Divide using synthetic division $$ ( 3x^{3}+11x^{2}-21x ) \div ( x+5 ) $$
Answer
The synthetic division table is:
$$ \begin{array}{c|rrrr}-5&3&11&-21&0\\& & -15& 20& \color{black}{5} \\ \hline &\color{blue}{3}&\color{blue}{-4}&\color{blue}{-1}&\color{orangered}{5} \end{array} $$The solution is:
$$ \frac{ 3x^{3}+11x^{2}-21x }{ x+5 } = \color{blue}{3x^{2}-4x-1} ~+~ \frac{ \color{red}{ 5 } }{ x+5 } $$Explanation
Step 1 : Write down the coefficients of the dividend into division table. Put the zero from $ x + 5 = 0 $ ( $ x = \color{blue}{ -5 } $ ) at the left.
$$ \begin{array}{c|rrrr}\color{blue}{-5}&3&11&-21&0\\& & & & \\ \hline &&&& \end{array} $$Step 1 : Bring down the leading coefficient to the bottom row.

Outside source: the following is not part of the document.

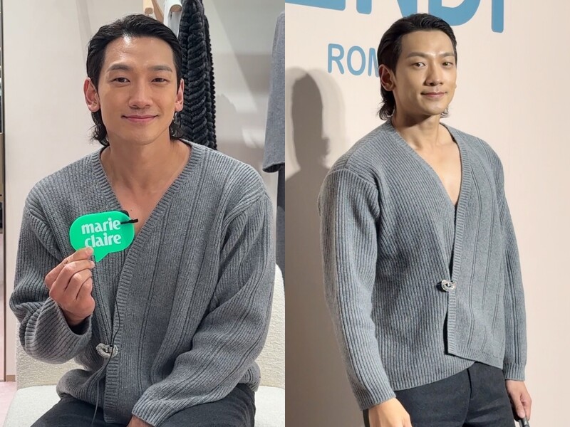 Rain时隔5年再度来台出席FENDI女装专门店开幕活动,不同于抵台时的一身帅气黑色系造型,换上灰蓝色羊绒开襟衫,并巧妙以水晶造型别针收合上衣,V字领口隐约透出壮实的肌肉线条,搭配秋冬新包款Peekaboo Soft,全后梳的湿髪造型散发都会时髦气息,出场时更是亲切放送粉丝福利,并诚意十足的以秀中文打招呼:

$$ \begin{array}{c|rrrr}-5&\color{orangered}{ 3 }&11&-21&0\\& & & & \\ \hline &\color{orangered}{3}&&& \end{array} $$Step 2 : Multiply by the number on the left, and carry the result into the next column: $ \color{blue}{ -5 } \cdot \color{blue}{ 3 } = \color{blue}{ -15 } $.

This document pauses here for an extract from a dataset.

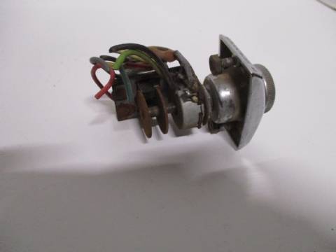 1965-66 Plymouth Fury rear speaker and reverberator switch and bezel, used condition, nice bezel and switch looks okay, but wires have been cut.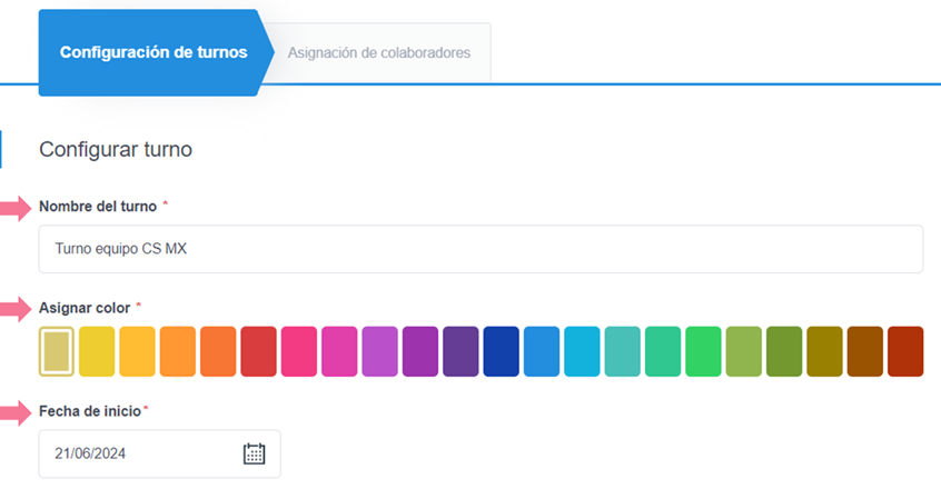 2. El primer paso es la "Configuración de turnos". Empieza por:

$$ \begin{array}{c|rrrr}\color{blue}{-5}&3&11&-21&0\\& & \color{blue}{-15} & & \\ \hline &\color{blue}{3}&&& \end{array} $$Step 3 : Add down last column: $ \color{orangered}{ 11 } + \color{orangered}{ \left( -15 \right) } = \color{orangered}{ -4 } $
$$ \begin{array}{c|rrrr}-5&3&\color{orangered}{ 11 }&-21&0\\& & \color{orangered}{-15} & & \\ \hline &3&\color{orangered}{-4}&& \end{array} $$Step 4 : Multiply by the number on the left, and carry the result into the next column: $ \color{blue}{ -5 } \cdot \color{blue}{ \left( -4 \right) } = \color{blue}{ 20 } $.

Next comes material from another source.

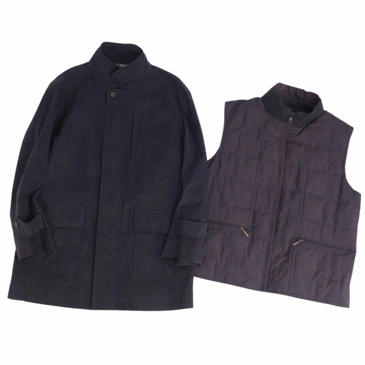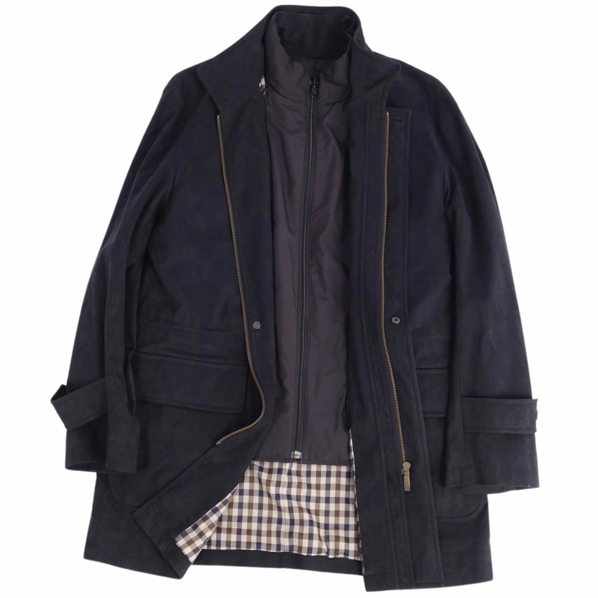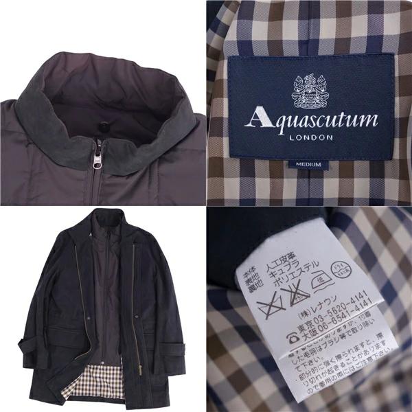 Aquascutum LONDON Coat 3way Down Vest Liner Checked Lining Faux Leather Outerwear Men's M Black [Used]

$$ \begin{array}{c|rrrr}\color{blue}{-5}&3&11&-21&0\\& & -15& \color{blue}{20} & \\ \hline &3&\color{blue}{-4}&& \end{array} $$Step 5 : Add down last column: $ \color{orangered}{ -21 } + \color{orangered}{ 20 } = \color{orangered}{ -1 } $
$$ \begin{array}{c|rrrr}-5&3&11&\color{orangered}{ -21 }&0\\& & -15& \color{orangered}{20} & \\ \hline &3&-4&\color{orangered}{-1}& \end{array} $$Step 6 : Multiply by the number on the left, and carry the result into the next column: $ \color{blue}{ -5 } \cdot \color{blue}{ \left( -1 \right) } = \color{blue}{ 5 } $.
$$ \begin{array}{c|rrrr}\color{blue}{-5}&3&11&-21&0\\& & -15& 20& \color{blue}{5} \\ \hline &3&-4&\color{blue}{-1}& \end{array} $$Step 7 : Add down last column: $ \color{orangered}{ 0 } + \color{orangered}{ 5 } = \color{orangered}{ 5 } $
$$ \begin{array}{c|rrrr}-5&3&11&-21&\color{orangered}{ 0 }\\& & -15& 20& \color{orangered}{5} \\ \hline &\color{blue}{3}&\color{blue}{-4}&\color{blue}{-1}&\color{orangered}{5} \end{array} $$Bottom line represents the quotient $ \color{blue}{ 3x^{2}-4x-1 } $ with a remainder of $ \color{red}{ 5 } $.